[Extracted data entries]
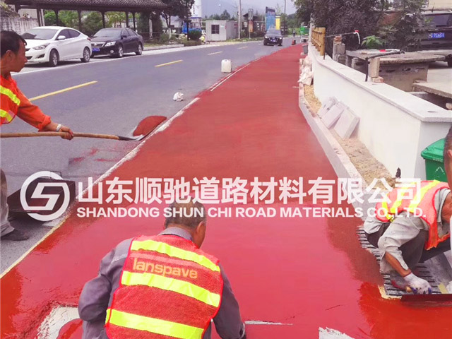 防滑耐磨 彩色路面等產品硬度高、韌性強度達到同行1.5倍以上;耐磨損,經久耐用的優點。
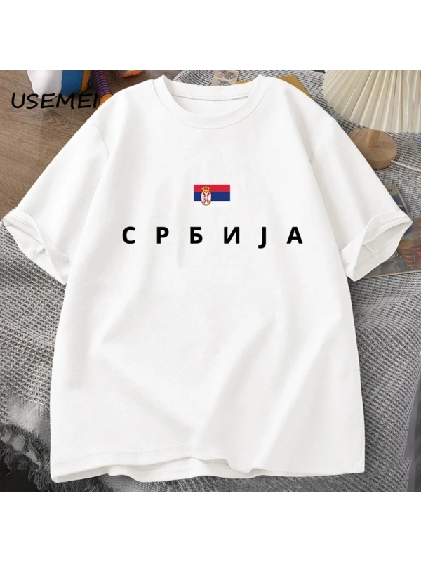 Sırbistan bayrağı T-shirt erkekler pamuk kısa kollu Tshirt erkek T shirt grafik Tees üst yaz 2824
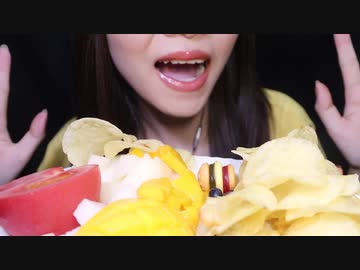 (前回の動画で間違えてしまいました)【可可來吃ASMR】ポテトチップスとフルーツを一緒に食べましょう
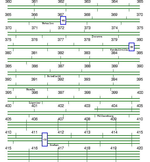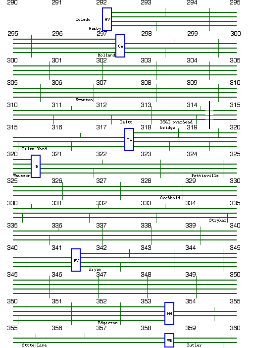 Former New York Central main line between Toledo and Elkhart. At the time, much of the route had four tracks. Where three or four tracks existed, the inner tracks were used by passenger trains, and the outer tracks were used by freight trains.
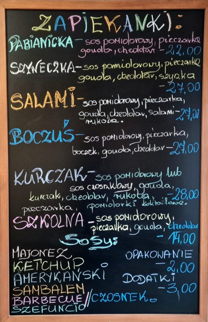 W Zapiekance Pabianickiej do wyboru mamy pięć rodzajów tego dania: klasyczną „Pabianicką” z sosem pomidorowym, farszem z pieczarek i dwoma rodzajami sera: goudą i cheddarem, „Szyneczkę, „Salami” z dodatkiem aromatycznej rukoli, „Boczusia”, który podczas pieczenia nabiera przyjemnej chrupkości i „Kurczaka”, czyli soczyste kawałki mięsa zapiekane (jak każda z pozycji w menu) w goudzie i cheddarze, z farszem pieczarkowym, koktajlowymi pomidorkami i dwoma rodzajami sosów.
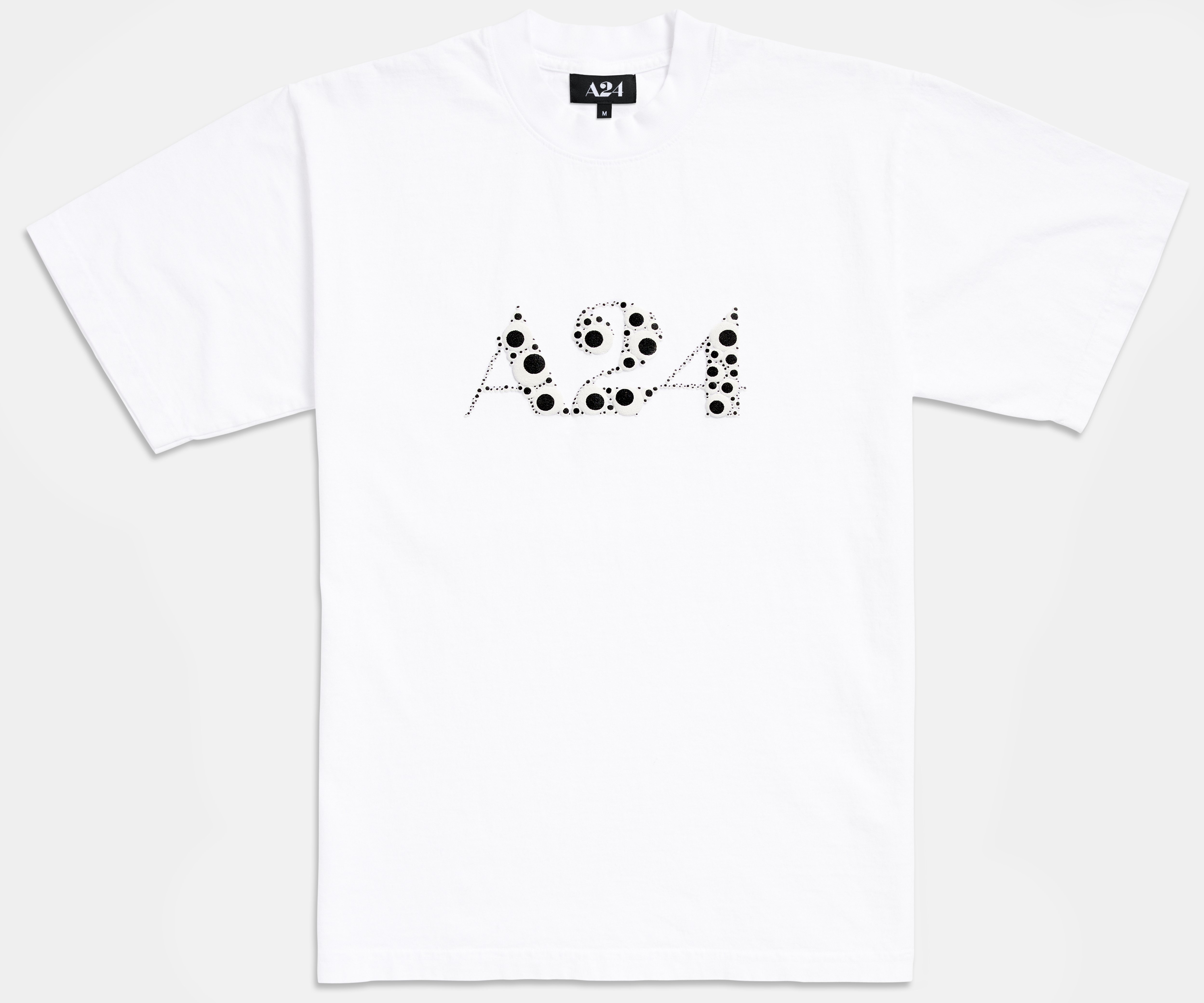 White puff print t-shirt featuring googly eye logo from Everything Everywhere All at Once.
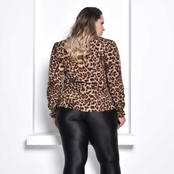 Camisa Feminina Plus Size Manga Longa de Oncinha Animal
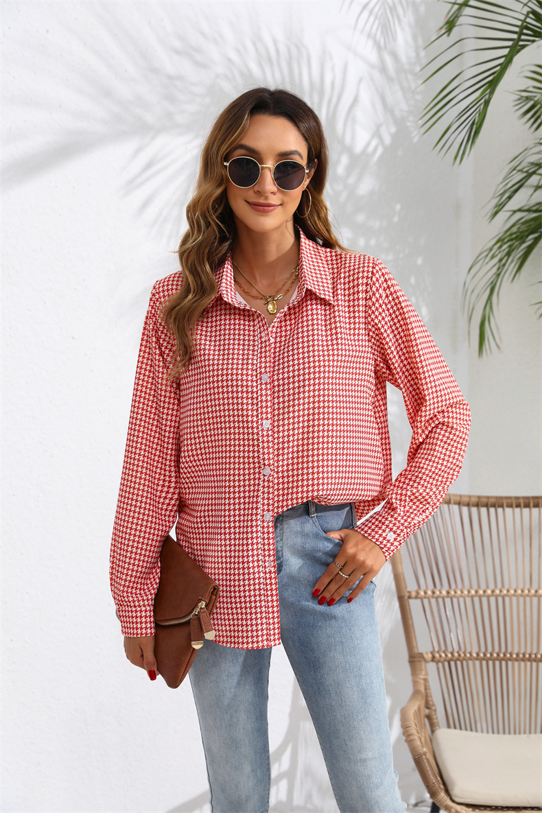 European and American Amazon Women s Top Spring and Autumn Top Cross border Trade Lar Plaid Loose Casual Long sleeved Shirt
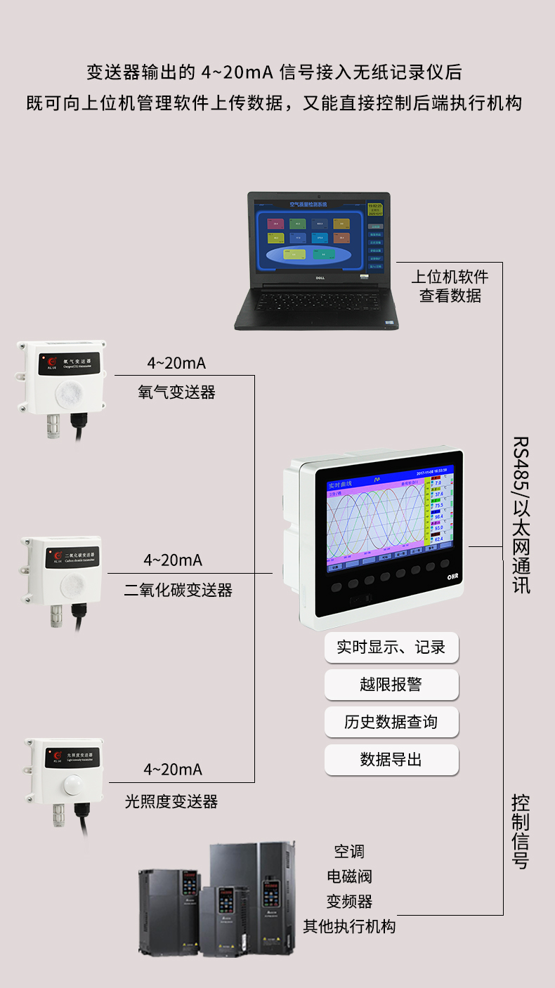 虹潤公司是專業(yè)生產(chǎn)環(huán)境監(jiān)測儀表的國家專精特新“小巨人”企業(yè)。生產(chǎn)的二氧化碳變送器,具有新型紅外檢定技術(shù),自動溫度補償,響應(yīng)靈敏,低功耗,模擬量變送輸出或RS485通訊等特點。產(chǎn)品獲得一種農(nóng)業(yè)監(jiān)控變送器、一種儀表電源等2項實用新型專利,主持起草現(xiàn)場設(shè)備集成等5項智能制造國家標(biāo)準(zhǔn),以及現(xiàn)場設(shè)備工具(FDT)接口規(guī)范、物聯(lián)網(wǎng)總體技術(shù)智能傳感器特性與分類等2項國家標(biāo)準(zhǔn),參與國際5G標(biāo)準(zhǔn)制定,取得農(nóng)業(yè)監(jiān)測變送器等3項相關(guān)軟件著作權(quán)。產(chǎn)品廣泛應(yīng)用于機房、配電站、地下車庫、工廠倉庫、食品儲存、養(yǎng)殖場、果蔬林園等環(huán)境場合對二氧化碳濃度的檢測。
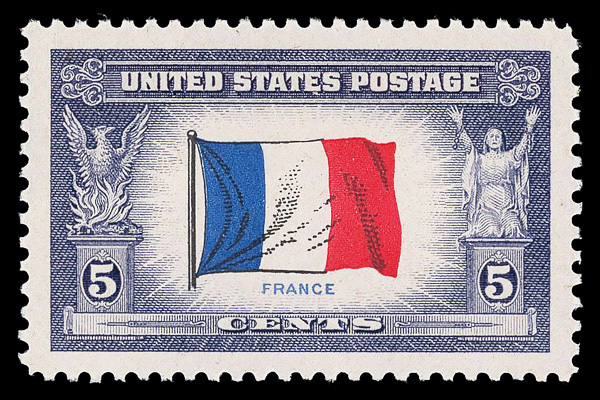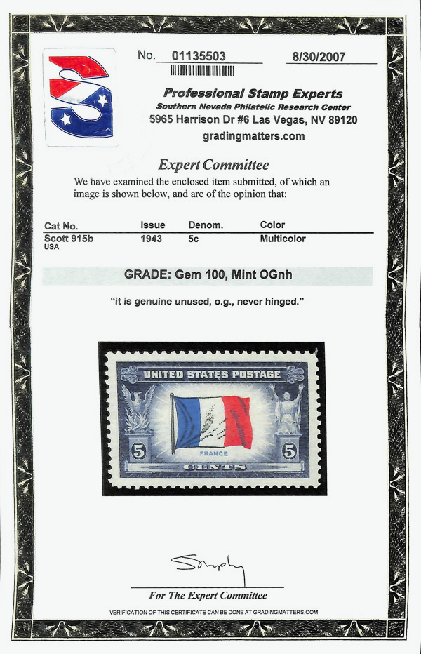 7272 nh 915 image1943, 5¢ Overrun Countries: France (Scott 915), o.g., never hinged, Superb, with 2007 P.S.E. certificate graded GEM 100.
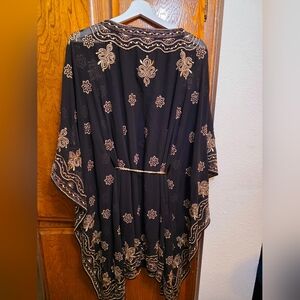 The ornate beadwork on this mini off-white kaftan dress is truly breathtaking. Cut from a semi-sheer fabric in a handkerchief shape, it drapes the body beautifully and has dramatic, waterfall sleeves. A braided self-tie belt gives your frame definition. Intricately embroidered throughout, it’s great for special celebrations or just a beachside dinner on your next vacation.
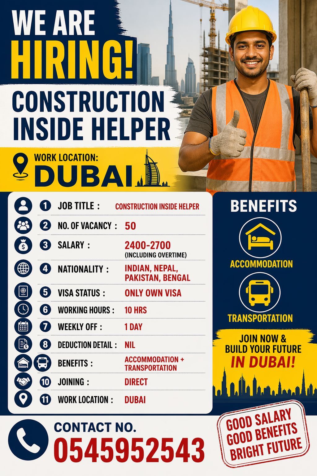 We need male for construction worker helper job urgent hiring direct joining job located in Dubai vacancy located in International City Dubai
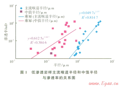 喉道大小及分布是控制儲層滲流能力的關(guān)鍵。定義對滲透率累積貢獻(xiàn)達(dá)95%以前喉道半徑的加權(quán)平均值為主流喉道半徑。須家河組不同儲層巖樣主流喉道半徑和中值半徑與滲透率關(guān)系表明(1),主流喉道半徑隨滲透率的增加而增加,二者之間存在非常好的正相關(guān)關(guān)系;但是中值半徑與滲透率之間的相關(guān)性較差。這說明主流喉道半徑不僅能表征儲層基質(zhì)的滲透能力,而且能夠反映儲層微觀孔隙結(jié)構(gòu)特征。

■ **Aim of the exercise**
From the first line of the records through the line containing "European and American", please output exactly those lines and nothing more, leaving out the pictures.

■ **Output of the exercise**
 防滑耐磨 彩色路面等產品硬度高、韌性強度達到同行1.5倍以上;耐磨損,經久耐用的優點。
 Sırbistan bayrağı T-shirt erkekler pamuk kısa kollu Tshirt erkek T shirt grafik Tees üst yaz 2824
 (前回の動画で間違えてしまいました)【可可來吃ASMR】ポテトチップスとフルーツを一緒に食べましょう
 Former New York Central main line between Toledo and Elkhart. At the time, much of the route had four tracks. Where three or four tracks existed, the inner tracks were used by passenger trains, and the outer tracks were used by freight trains.
 W Zapiekance Pabianickiej do wyboru mamy pięć rodzajów tego dania: klasyczną „Pabianicką” z sosem pomidorowym, farszem z pieczarek i dwoma rodzajami sera: goudą i cheddarem, „Szyneczkę, „Salami” z dodatkiem aromatycznej rukoli, „Boczusia”, który podczas pieczenia nabiera przyjemnej chrupkości i „Kurczaka”, czyli soczyste kawałki mięsa zapiekane (jak każda z pozycji w menu) w goudzie i cheddarze, z farszem pieczarkowym, koktajlowymi pomidorkami i dwoma rodzajami sosów.
 White puff print t-shirt featuring googly eye logo from Everything Everywhere All at Once.
 Camisa Feminina Plus Size Manga Longa de Oncinha Animal
 European and American Amazon Women s Top Spring and Autumn Top Cross border Trade Lar Plaid Loose Casual Long sleeved Shirt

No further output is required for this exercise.